当院では局所麻酔で行う小手術以外は麻酔科が手術中の麻酔を担当します。
麻酔科が行う主な麻酔方法を以下に紹介します。
全身麻酔:注射によって静脈内に投与する静脈麻酔薬や呼吸とともに吸入する吸入麻酔薬(麻酔ガス)を用いて行います。麻酔薬を脳に作用させて、意識をなくし(無意識状態)、痛みの感覚をなくし(無痛状態)、手術の妨げにならないように体を動かなくする(不動化)ようにします。この3つの作用により、手術という刺激から患者様を守り、円滑な手術が行えます。
脊髄くも膜下麻酔(旧名称、脊椎麻酔):体の各部分から集まった神経は、脊椎の中にある脊髄という太い神経に集まります。脊髄はくも膜という一種の袋のなかにあり、脳脊髄液という透明な液体の中に浸かった状態になっています。腰から針を刺してこの脳脊髄液に局所麻酔薬を入れることで、下半身を無痛状態・不動化にします。
硬膜外麻酔:脊椎の中の硬膜外腔と呼ばれる部分に局所麻酔薬を注入し、脊髄神経が支配している体の部分を無痛状態・不動化にします。硬膜外麻酔の最大のメリットは、硬膜外腔に細いカテーテルを留置し、長期間にわたって局所麻酔薬を注入できるという点にあります。このため、慢性疼痛や手術後の鎮痛に頻用されています。

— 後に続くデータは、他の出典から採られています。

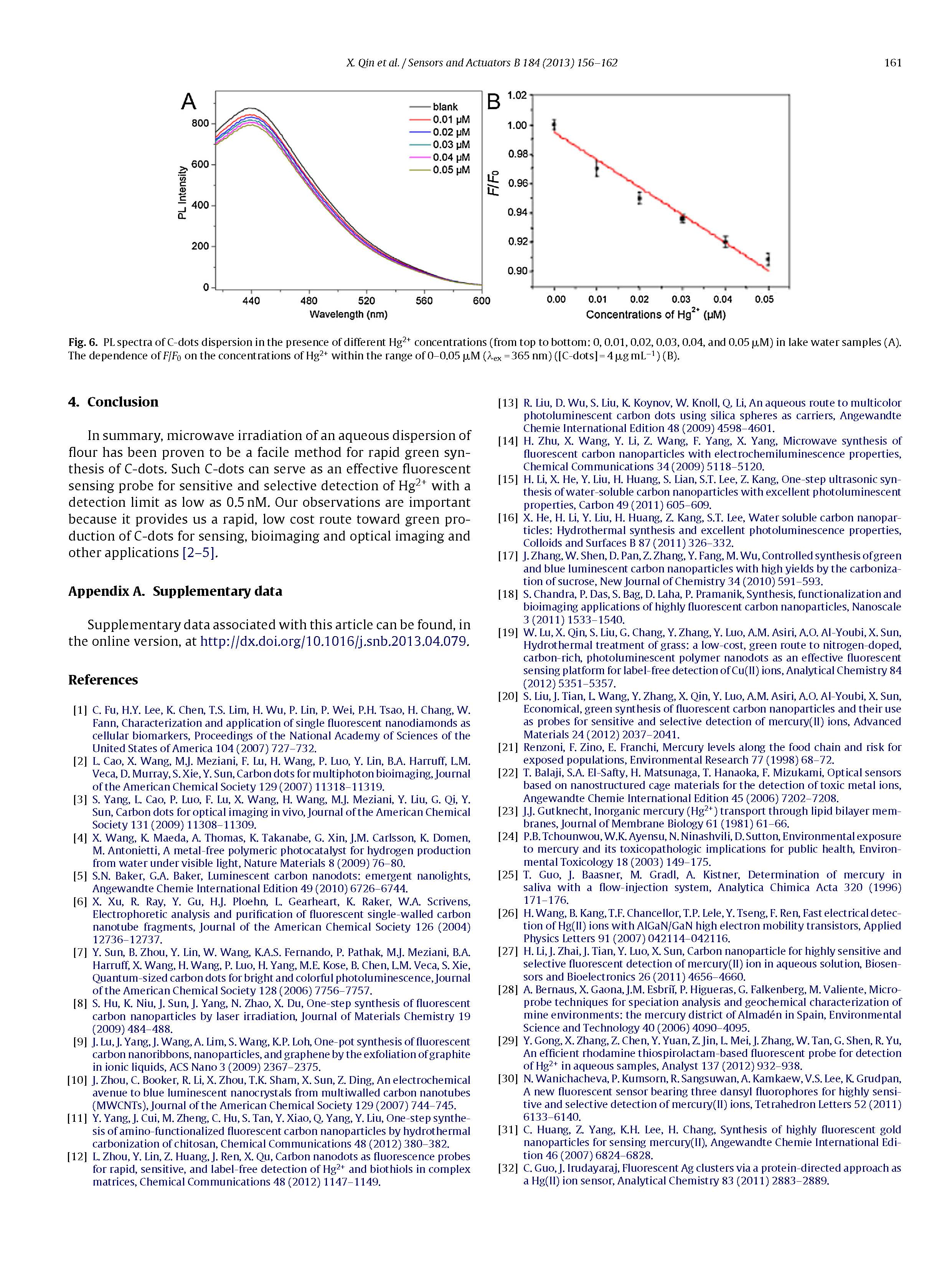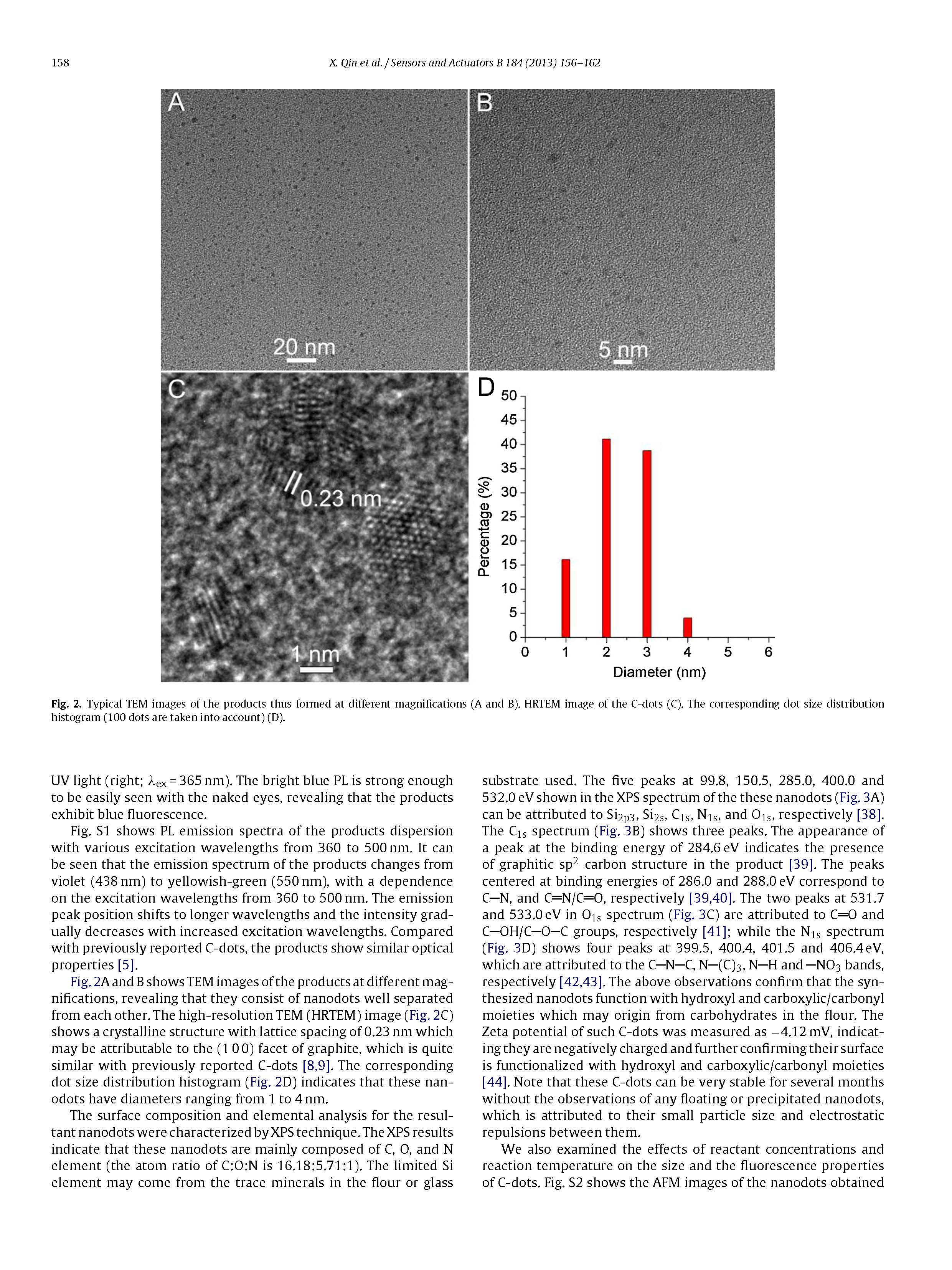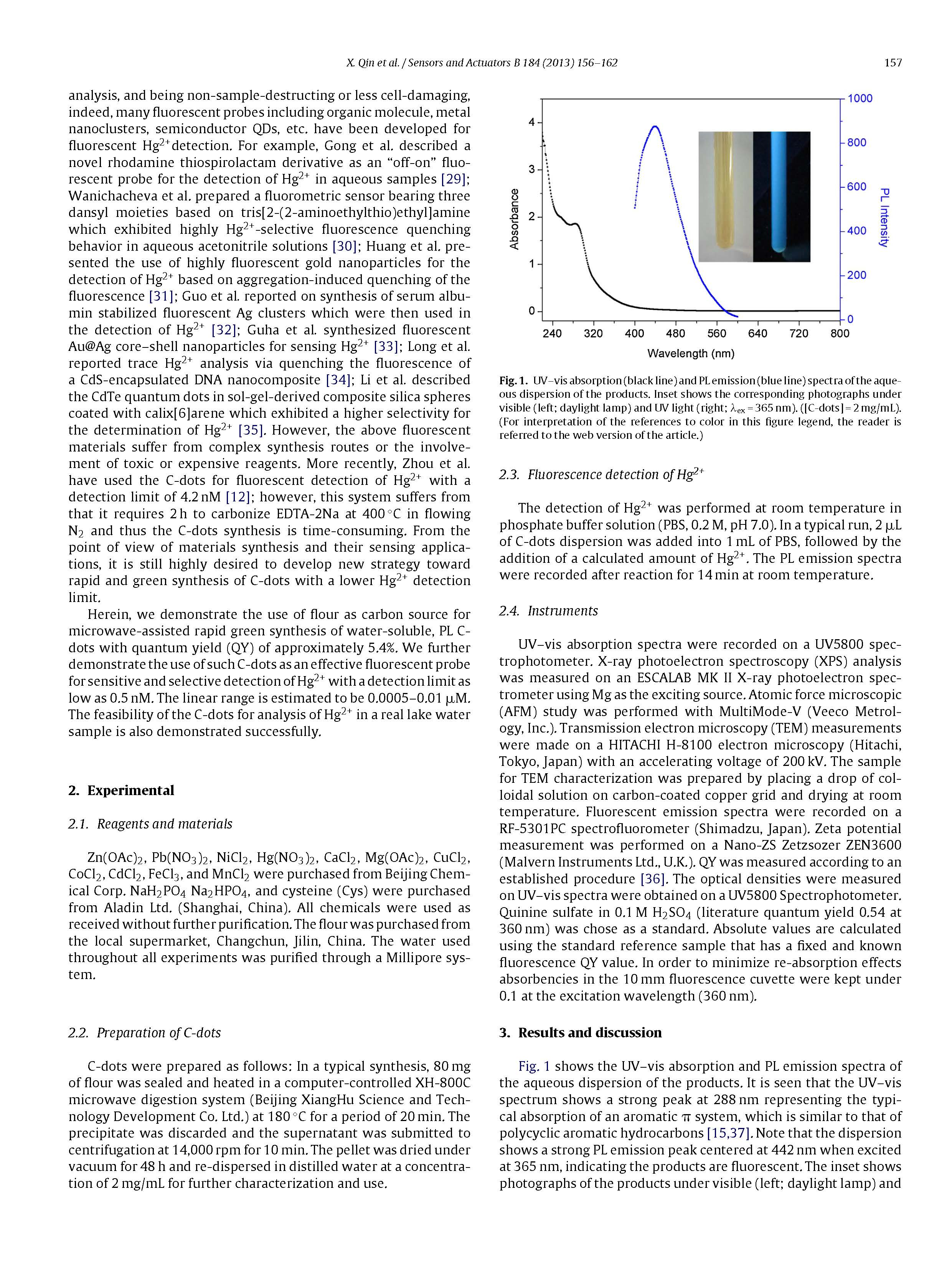 綜上所述,微波輻照面粉水分散體是一種快速綠色合成C點的簡便方法。該C點可作為一種靈敏、選擇性檢測Hg2的有效熒光傳感探針,檢出限低至0.5nm。我們的觀測很重要,因為它為我們提供了一條快速、低成本的途徑,用于綠色生產用于傳感、生物成像和光學成像及其他應用的C點。

伝達麻酔(別名、神経ブロック):体の痛みは、痛みを伝える神経を通して脳に伝えられ痛みとして知覚されます。たとえば、手の痛みは末梢神経 - 首のところにある腕神経叢(神経が集まっている部分) - 背骨のところにある脊髄を経て、脳へと痛みの刺激が伝えられます。この道筋の何処かを局所麻酔薬を用いて遮断し、無痛状態にする方法が伝達麻酔です。
手術前にこれらの麻酔方法のどれを用いるかを決定します。また、これらの麻酔方法を併用して行う場合もあります。現代の麻酔科学では、これらを併用して行うことのメリットが明らかにされています。
麻酔方法の選択にあたっては、患者様ごとに以下の要因を検討し最善の麻酔方法を決定します。
○ 手術の種類、手術部位、手術時間
○ 手術のやり易さ
○ 術後の離床までの時間
○ 患者様の年齢や内科的な合併疾患など
○ 術後鎮痛の必要性の程度
また、現在の麻酔方法では、全身麻酔でなくても、睡眠薬を静脈内投与して手術中は眠っていることが可能です。その他、ご質問やご希望は、麻酔科の術前診察時になんなりとご相談ください。